Ils soutiennent que :
- A la suite de l'installation de ralentisseurs, par la commune de Viroflay, au droit de leur propriété située au 12, rue Corneille à Viroflay (78220), de nombreux désordres sont apparus, parmi lesquels des fissures, des nuisances sonores et des vibrations.
- l'expertise sollicitée est utile afin de déterminer la nature des désordres, leur étendue, les responsabilités encourues, ainsi que leurs conséquences.
-
Par un mémoire en défense, enregistré le 29 juin 2022, la commune de Viroflay, représenté par son maire en exercice, ayant pour avocat Me Lubac, conclut au rejet de la requête.
Elle soutient que la mesure d'expertise sollicitée n'est pas utile, dès lors que la commune n'est pas responsable des désordres survenus sur le terrain des requérants, et que ces désordres ne présentent aucun lien de causalité avec les ouvrages qui lui appartiennent.
Vu les autres pièces du dossier,
Vu le code de justice administrative.
La présidente du tribunal a désigné, en application de l'article L. 511-2 du code de justice administrative, Mme A, première vice-présidente, comme juge des référés.
Considérant ce qui suit :
1. L'article R. 532- 1 du code de justice administrative dispose que : " Le juge des référés peut, sur simple requête et même en l'absence de décision administrative préalable, prescrire toute mesure utile d'expertise ou d'instruction. () ". ". Si le juge des référés n'est pas saisi du principal, l'utilité d'une mesure d'instruction ou d'expertise qu'il lui est demandé d'ordonner sur le fondement de ces dispositions doit être appréciée dans la perspective d'un litige principal, actuel ou éventuel, relevant lui-même de la compétence de la juridiction à laquelle ce juge appartient, et auquel cette mesure est susceptible de se rattacher.
2. L'expertise sollicitée vise à déterminer la nature des désordres, leur étendue, les responsabilités encourues, et leurs conséquences à la suite de l'installation de ralentisseurs, par la commune de Viroflay, au droit de la propriété de M. et Mme B. Si la commune de Viroflay conteste l'utilité de cette mesure, en invoquant l'absence de lien de causalité entre les dommages causés à l'habitation des requérants et la présence de ralentisseurs, toutefois, en l'état de l'instruction, tout lien de causalité n'est manifestement pas exclu entre le préjudice à évaluer et la présence des ouvrages en cause.

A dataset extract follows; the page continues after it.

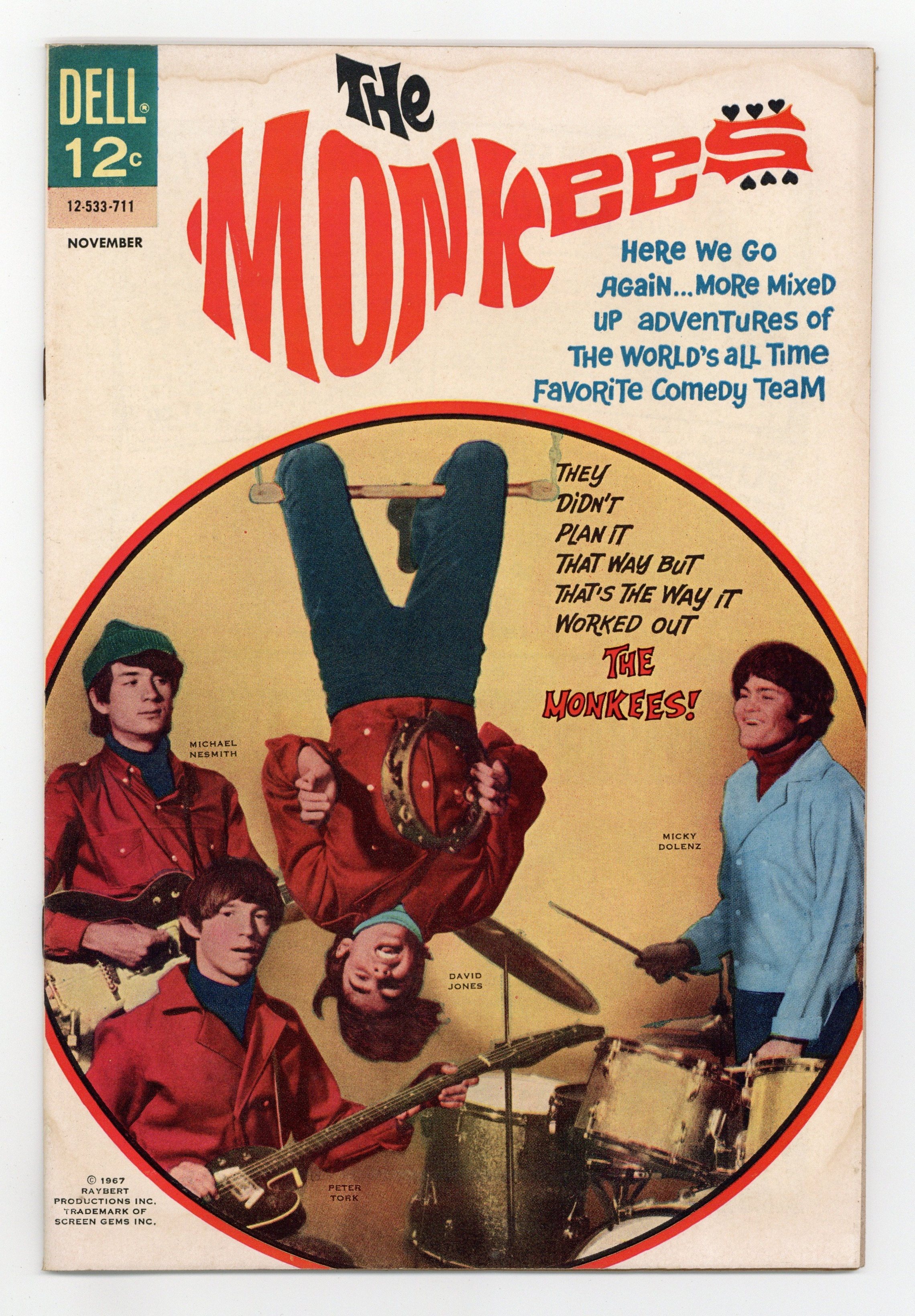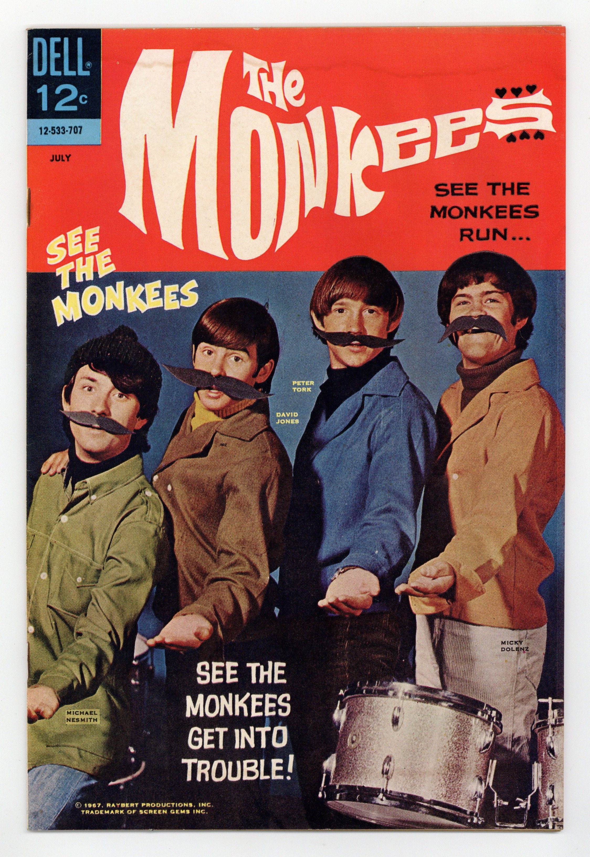 Photo cover features Peter Tork, Michael Nesmith, Micky Dolenz, and Davy Jones. Art by Jose Delbo. Cover number is 12-533-707. Dell's comic about the TV rock band does surprisingly well at capturing the madcap, absurd humor of the beloved show. A talking horse named Spot leads the Monkees to a circus, and a showdown with gangsters. The space program calls The Monkees to the Wide Sands Proving Ground, so their music can calm an enraged ape astronaut. Instead, the Monkees themselves are launched into orbit. See Spot. See Spot Run!; Up, Up and Away! 32 pages, Full Color. Cover price $0.12.

Il y a donc lieu de faire droit à la demande de M. et Mme B, qui présente un caractère utile, et entre dans le champ d'application des dispositions précitées de l'article R. 532-1 du code de justice administrative, et de fixer la mission de l'expert comme il est précisé à l'article 1er de la présente ordonnance.
O R D O N N E :
Article 1er : M. E est désigné en qualité d'expert. Il aura pour mission de :
1°) se rendre sur les lieux après avoir convoqué les parties et décrire l'état de la maison d'habitation située au 12, rue Corneille, sur le territoire de la commune de Viroflay, ainsi que les ouvrages de type ralentisseurs installés sur le dit emplacement ;
2°) se faire communiquer toutes pièces et documents utiles pour l'accomplissement de sa mission et entendre tous sachants ;
3°) déterminer les causes des dommages subis par la maison d'habitation située au 12, rue Corneille, sur le territoire de la commune de Viroflay ; donner toutes les précisions utiles relatives aux conséquences de la présence des ralentisseurs sur le dit emplacement ; apprécier si, et dans quelle mesure, les ouvrages installés sur et à proximité de cet emplacement peuvent être à l'origine des dommages subis par celui-ci ;
4°) déterminer les travaux nécessaires pour mettre fin à ces dommages ; en déterminer le coût à partir de devis fournis par les parties ;
5°) fournir tous éléments techniques et de fait permettant au tribunal, éventuellement saisi d'une action au fond, de statuer sur les responsabilités encourues, comme la réparation des préjudices subis par M. et Mme B.
En présence :
- de Mme D B,
- de M. C B,
- de la commune de Viroflay,
Article 2 : L'expert accomplira sa mission dans les conditions prévues par les articles R. 621-2 à R. 621-14 du code de justice administrative.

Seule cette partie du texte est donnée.